Multivariate normal. First, recall the probability density function (PDF) for a standard normal random variable:
\[\begin{equation} p\left(x;\mu,\sigma^2\right)=\frac{1}{\sqrt{2\pi}\sigma}\exp\left\lbrace -\frac{1}{2}\left(\frac{x-\mu}{\sigma}\right)^2 \right\rbrace. \end{equation}\]We immediately see that the squared term is simply the square from Equation $23$. Now, viewing the covariance matrix as a high-dimensional variance, the PDF for a multivariate normal random variable becomes
\[\begin{equation} p\left(\mathbf{x};\mu,\Sigma \right)=\frac{1}{(2\pi)^{-n/2}|\Sigma|^{-1/2}}\exp\left\lbrace -\frac{1}{2}(\mathbf{x}-\mu)^{\top}\Sigma^{-1}(\mathbf{x}-\mu) \right\rbrace. \end{equation}\]Here, the Mahalanobis distance serves as a multivariate analogue to the whitening transformation, and the variance (the normalising constant)
\[\begin{equation} \frac{1}{\sqrt{2\pi}\sigma} \end{equation}\]has a multivariate form as the generalised variance.
Correlated random variables. Consider a scalar random variable $Z$ with unit variance, i.e. $\mathbb{V}[Z]=1$. Multiplying $Z$ by $\sigma$ yields a random variable $X$ with variance $\sigma^2$:
\[\begin{equation} \mathbb{V}[\sigma Z]=\sigma^2\mathbb{V}[Z]=\sigma^2. \end{equation}\]How does this extend to higher dimensions? Suppose we have two independent random variables
\[\begin{equation} Z= \begin{bmatrix} Z_1 \\ Z_2 \\ \end{bmatrix}, \end{equation}\]and we wish to transform them into a random vector $\mathbf{X}$ with a specified covariance matrix $\Sigma$. The standard method is to multiply $\mathbf{Z}$ by the Cholesky factor as in Equation $26$.
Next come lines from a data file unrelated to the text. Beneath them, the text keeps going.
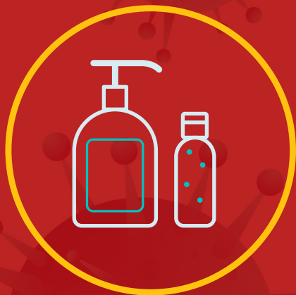
استفاده از پد الکلی و ژل و الکل برای ضد عفونی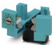
Pelacables de repuesto, para CF 3000-TOOLKIT 0,25

Cuchilla de repuesto - CF 3000 AB 0,25 - 1212380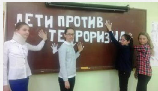
Тематический час «Как не стать жертвой преступления»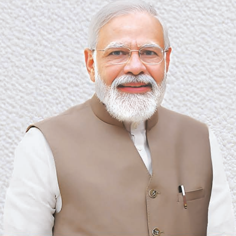
ଶ୍ରୀ ନରେନ୍ଦ୍ର ମୋଦୀ ପ୍ରଧାନମନ୍ତ୍ରୀ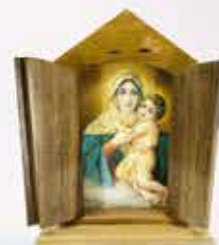
Capelinha de madeira Mãe Rainha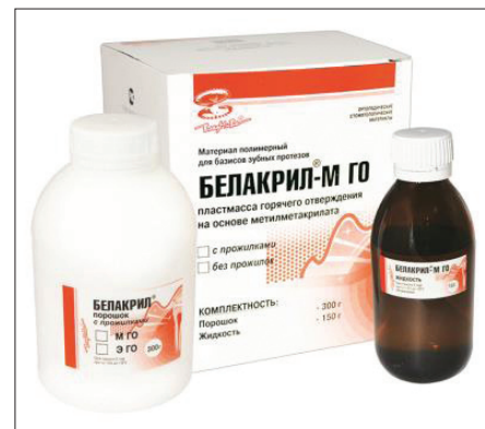
Рис. 2. Пластмасса горячего отверждения на основе метилметакрилата БЕЛАКРИЛ-М ГО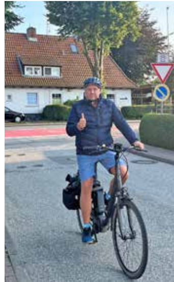
Landrat Timo Gaarz freut sich auf zahlreiche Anmeldungen.

Eutin (sb). Im September geht es wieder los! Das STADTRADELN geht in die siebte Runde und lockt die Ostholsteinerinnen und Ostholsteiner aufs Fahrrad. Während der dreiwöchigen Kampagne zählt jeder Kilometer, der mit dem Rad zurückgelegt wird. Landrat Timo Gaarz ruft alle, die im Kreis Ostholstein wohnen, arbeiten, einem Verein angehören oder eine Schule besuchen, zum Mitradeln auf: „Lassen Sie uns gemeinsam in die Pedale treten und somit einen Beitrag zum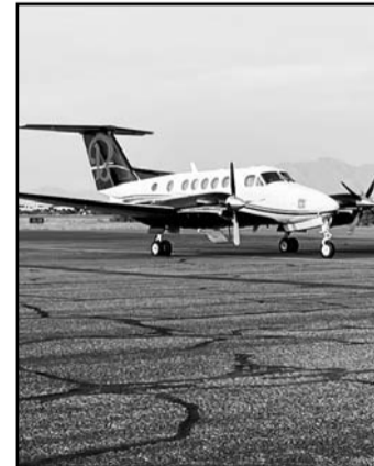
El líder del Cártel de Sinaloa, fue capturado después de ser traicionado por Joaquín Guzmán López.

This leads to a general algorithm for constructing correlated random variables: generate $\mathbf{Z}$ with independent unit variances, and multiply by the Cholesky factor of the desired covariance matrix. In the $2\times2$ case,
\[\begin{equation} \text{cholesky}\left(\begin{bmatrix}1&\rho\\ \rho&1\\\end{bmatrix} \right)=\mathbf{L}\mathbf{L}^{\top}=\begin{bmatrix}1&0\\ \rho&\sqrt{1-\rho^2}\end{bmatrix} \begin{bmatrix}1&\rho\\ 0&\sqrt{1-\rho^2} \end{bmatrix} \end{equation}\]Thus, the algorithm is: draw two independent (i.i.d.) random variables $Z_1$ and $Z_2$, each with unit variance, and set
\[\begin{equation} \begin{aligned} X_1&:=Z_1\\ X_2&:=Z_1\rho+Z_2\sqrt{1-\rho^2}\\ \end{aligned} \end{equation}\]This procedure conveniently generalises to any dimensionality, and non-unit variances can also be accommodated as required.
Conclusion
With the appropriate perspective, it is quite natural to interpret $\Sigma$ simply as ‘variance’, denoted $\mathbb{V}[\mathbf{X}]$. This view is beneficial as it renders certain properties of covariance matrices nearly self-evident, such as their positive semi-definiteness or the appearance of their inverses in whitening transformations. However, high-dimensional variance also possesses properties that are not relevant in the univariate case, such as the correlations between different variables in $\mathbf{X}$. In my opinion, the most fruitful framing is to regard univariate variance as merely a special case of covariance matrices; nevertheless, either perspective aids in developing a deeper intuition for the subject.